Robotic Process Automation (RPA) is one of the most interesting and exciting developments over the past few years and has been a trigger to a huge number of innovative ideas across many industries and organizations.
For any organization, the key driving factors for success are its top-line growth, improved margins, controlled risks, and increased customer satisfaction. RPA, which primarily focuses on reducing or eliminating repetitive and redundant activities, is a definite boon for organizations that are pressurized by thin margins.
While Robotic Process Automation (RPA) is a huge success and advancing rapidly, a shift from the existing style of doing business is bound to change. This will very soon lead to a stage where the business will look out for more intelligent and transformational solutions than pure scripted Robotic Process Automation.
While the market is hot and organizations are addressing the low-hanging fruits, it will become very critical to introduce learning in every action of the RPA. The industry is soon picking on the term of Cognitive Process Automation (CPA) that is an integration of RPA, Natural Language Processing (NLP), Machine Learning (ML) and Data Analytics. Designing RPA with active learning points for future cognitive integration is the key to businesses going forward!

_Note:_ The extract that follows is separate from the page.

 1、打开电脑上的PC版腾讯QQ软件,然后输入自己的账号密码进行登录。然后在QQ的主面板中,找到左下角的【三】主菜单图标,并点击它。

One point to be noted is that a bot can be considered the agent to deliver the processed output, but what is more important is the underlying cognitive platform that ensures that the required data is collated and processed, and hence, feeds the learning back for enhanced processing.

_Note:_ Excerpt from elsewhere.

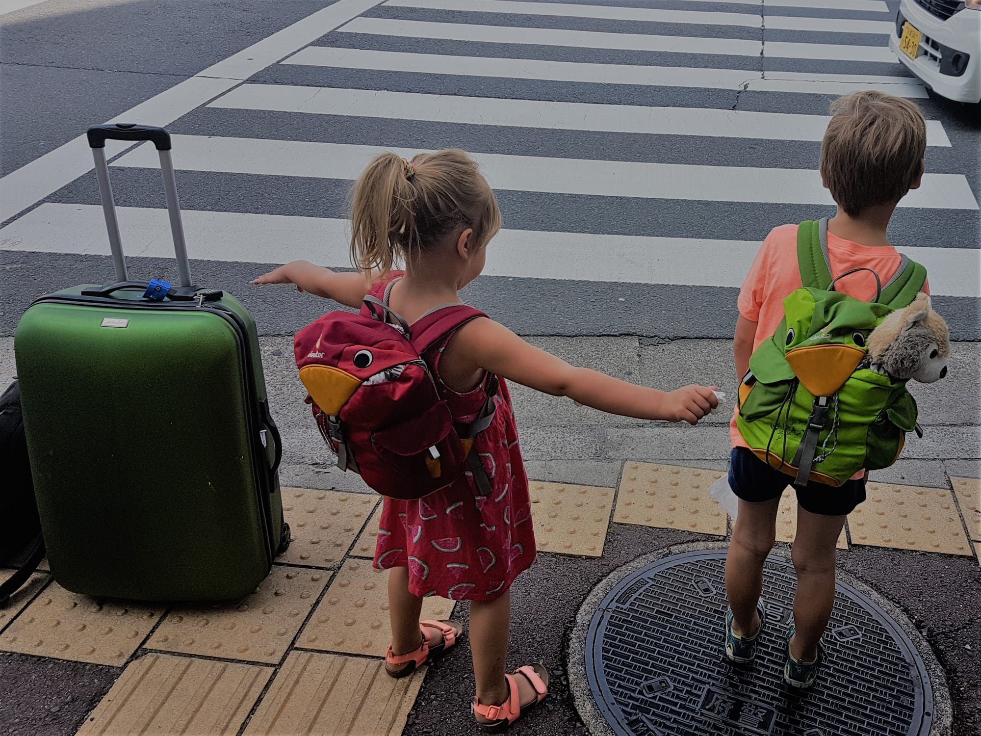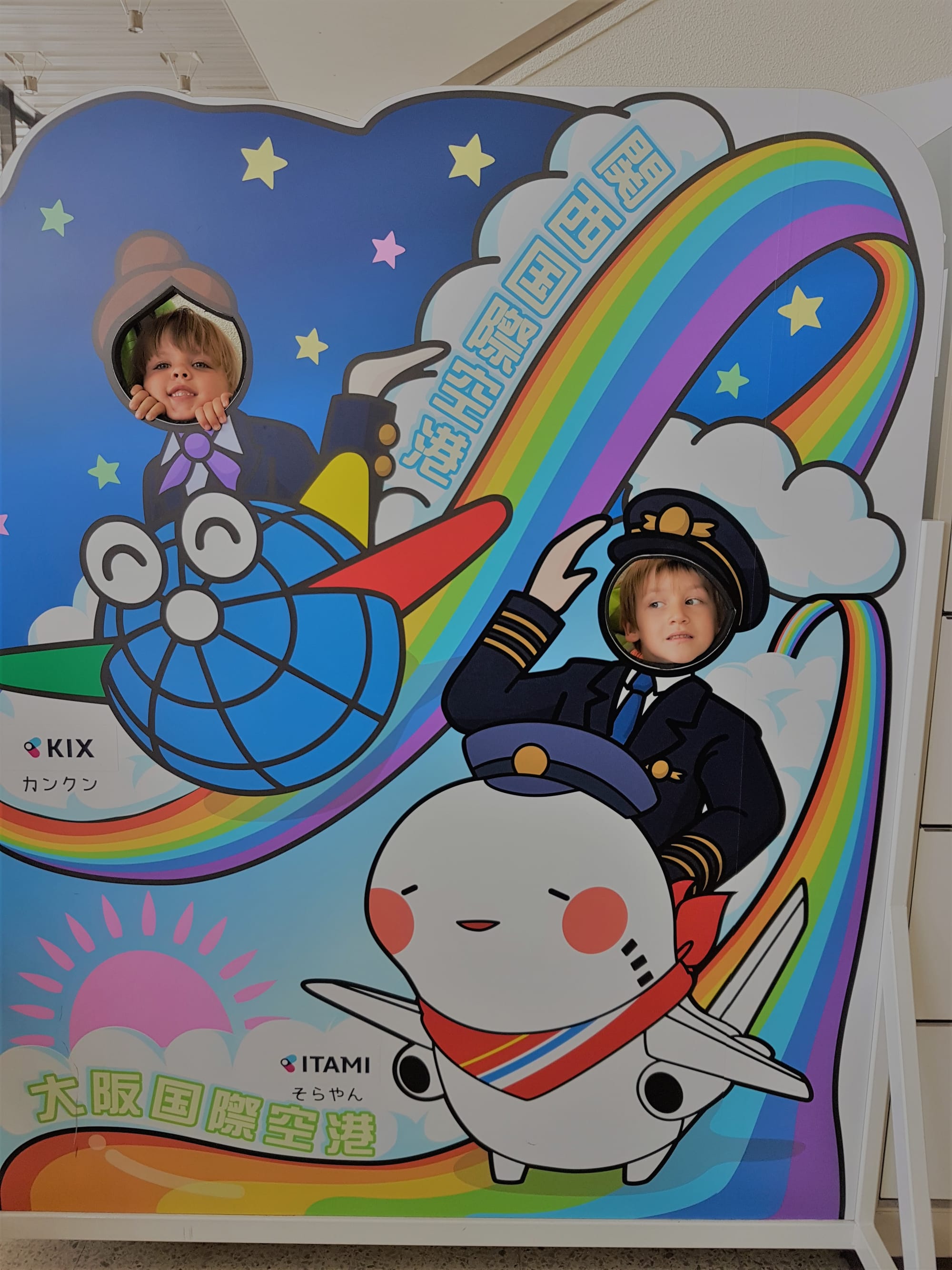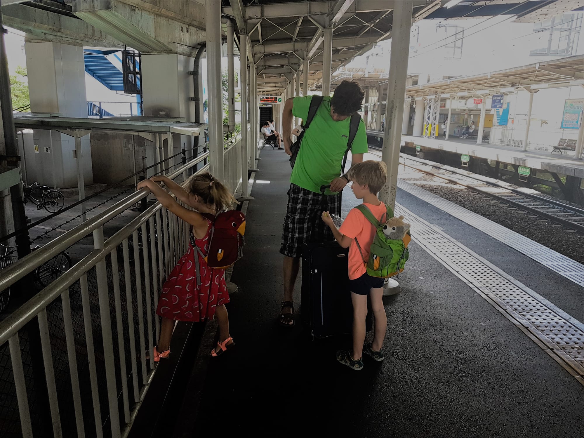 Aštuntoji kelionės diena praktiškai buvo skirta kelionei iš Kyoto į Osaką traukiniu ir tada iš Osakos į Nahos miestą Okinawos saloje lėktuvu. Vaikai jau taip pripratę prie kasdienių kelionių, kad be jokių zyzalų dedasi kuprines ant pečių, duoda ranką (jei mes turim laisvų) ir keliauja, kur liepiam. Bet kai nuvargsta arba išalksta, amžinai susimuša - kuris įmes pinigą į automatą, kuris paims bilietą, kuris kur traukiny atsisės ir t.t. Tas labai nervina, ypač dideliame ir karštame mieste, kai mes, tėvai, susirūpinę, kad jų nepamesti, kad jie neiškeptų, daug gertų ir valgytų. Tai tos smulkmenos ir pykčiai mums su Justu tik prideda papildomų raukšlių veiduose. BET, nė minutės nesigailėjome, kad leidžiamės į keliones su jais, kad ir kaip nelengva kartais būtų. Visos kelionės metu nesutikom jokios šeimos, keliaujančios po Japoniją su tokiais mažais vaikais. Tereikia pamatyti Džiugo akis, kai pamato vabalą, kokio Europoj nebūna ir supranti, kad buvo verta.

Today, 80% of data is unstructured and that implies that this data cannot be taken directly to apply any algorithm or processing. What will be needed is a mechanism to work similar to a human brain by knowing how to extract the right data and map them in the right way to make some sense out of that.

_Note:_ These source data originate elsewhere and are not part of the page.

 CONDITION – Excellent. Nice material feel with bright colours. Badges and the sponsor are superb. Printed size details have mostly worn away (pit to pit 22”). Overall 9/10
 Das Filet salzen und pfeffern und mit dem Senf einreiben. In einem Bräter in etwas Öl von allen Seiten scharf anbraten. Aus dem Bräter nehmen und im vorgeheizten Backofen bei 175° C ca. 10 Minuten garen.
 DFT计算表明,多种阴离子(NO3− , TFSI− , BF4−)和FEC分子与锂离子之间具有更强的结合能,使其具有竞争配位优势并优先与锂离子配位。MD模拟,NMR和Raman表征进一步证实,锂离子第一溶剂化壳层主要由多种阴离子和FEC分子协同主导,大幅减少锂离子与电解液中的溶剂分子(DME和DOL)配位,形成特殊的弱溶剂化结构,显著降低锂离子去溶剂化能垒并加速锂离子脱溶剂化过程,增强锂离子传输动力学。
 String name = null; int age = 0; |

For this to happen, the SME or domain expert is extremely critical to train the system on what to look for and constantly learn and evolve.
Organizations will realize benefits by making their existing or new processes cognitive, implying that the processes should have access to functions and platforms that perform the required cognitive actions and consume them appropriately. Bots can be one mode to enable processes to be cognitive and efficient.
While we have been seeing RPA being more strongly accepted and adopted in BPO segments, we definitely foresee its play in the product engineering lifecycle too.
For those contemplating on which areas are best suited for RPA and CPA in a product engineering lifecycle, the first step is to identify key bottlenecks in terms of time or skills, and identify right processes that can drive cost savings as well as leverage optimization opportunities.